The package name (e.g. google.protobuf) is separate from the file system path (e.g. google/protobuf/empty.proto) of a .proto file. While they are separate, a common naming strategy is for the package to match the file system directory (as seen here).
The path google/protobuf/empty.proto refers to a “well-known proto”, i.e. one which is shipped with protoc itself.
If, during proto compilation (running protoc), you want to import other .proto files, you need to adjust protoc’s import search path by using the -I flag.
- The well-known protos are found the same way: the import search path by default points to the location where the well-known protos can be found, which is the include/ directory next to the bin/ directory in which protoc lives:
% unzip -l protoc-29.1-linux-x86_64.zip Archive: protoc-29.1-linux-x86_64.zip Length Date Time Name --------- ---------- ----- ---- 0 1980-01-01 00:00 bin/ 9623664 1980-01-01 00:00 bin/protoc 0 1980-01-01 00:00 include/ 0 1980-01-01 00:00 include/google/ 0 1980-01-01 00:00 include/google/protobuf/ 6154 1980-01-01 00:00 include/google/protobuf/any.proto 7729 1980-01-01 00:00 include/google/protobuf/api.proto 0 1980-01-01 00:00 include/google/protobuf/compiler/ 8556 1980-01-01 00:00 include/google/protobuf/compiler/plugin.proto 2185 1980-01-01 00:00 include/google/protobuf/cpp_features.proto 52531 1980-01-01 00:00 include/google/protobuf/descriptor.proto 4892 1980-01-01 00:00 include/google/protobuf/duration.proto 2363 1980-01-01 00:00 include/google/protobuf/empty.proto […] 1. For repository b to work with a service that is implemented in repository a, it is typically sufficient to import the generated protobuf Go code (.pb.go files). You typically don’t need the .proto files from a in b. 1. (I don’t know enough about npm or other package managers to say anything about them.)

Comment From: kudla

Hi @stapelberg . Thank you a lot for a such elaborate answer.

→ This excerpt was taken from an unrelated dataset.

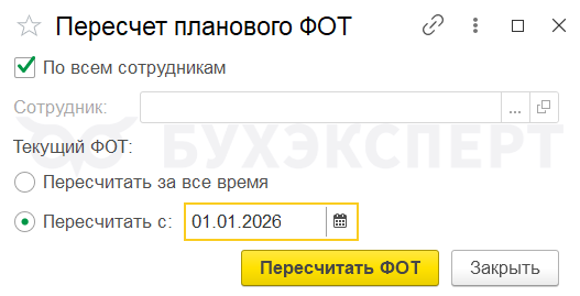 Если до начисления годовых премий за 2025 год по сотрудникам была рассчитана оплата по среднему заработку за периоды, начиная с 1 января 2026 года , то такую оплату придется пересчитать после начисления премии. Например, это касается отпускных по отпускам, начавшимся с 1 января 2026 и позднее. Для массового пересчета отпускных удобно использовать внешнюю обработку от Бухэксперт — Внешняя обработка для проверки и пересчета среднего заработка для отпусков.

not all of which I understand.

I bet this is due to my initial lack of understanding either.

Looks I can see my crucial misunderstanding know. I though having any deps we should provide per each one both .proto sources (to statically match typings) and compiled libs to link the target lang deps.

Please confirm I see it the right way now. Do we have two SEPARATE options to resolve every single deps * to provide a path with -I flag if we have the deps as a .proto sources so that to be compiled in place * or just to provide a go mod url with -M in case we have compiled package to be linked straight on a go mod level?

Comment From: kudla

Ah, looks it is still not))

Without deps .proto sources the actual references other.package.Message are stoped to be resolved.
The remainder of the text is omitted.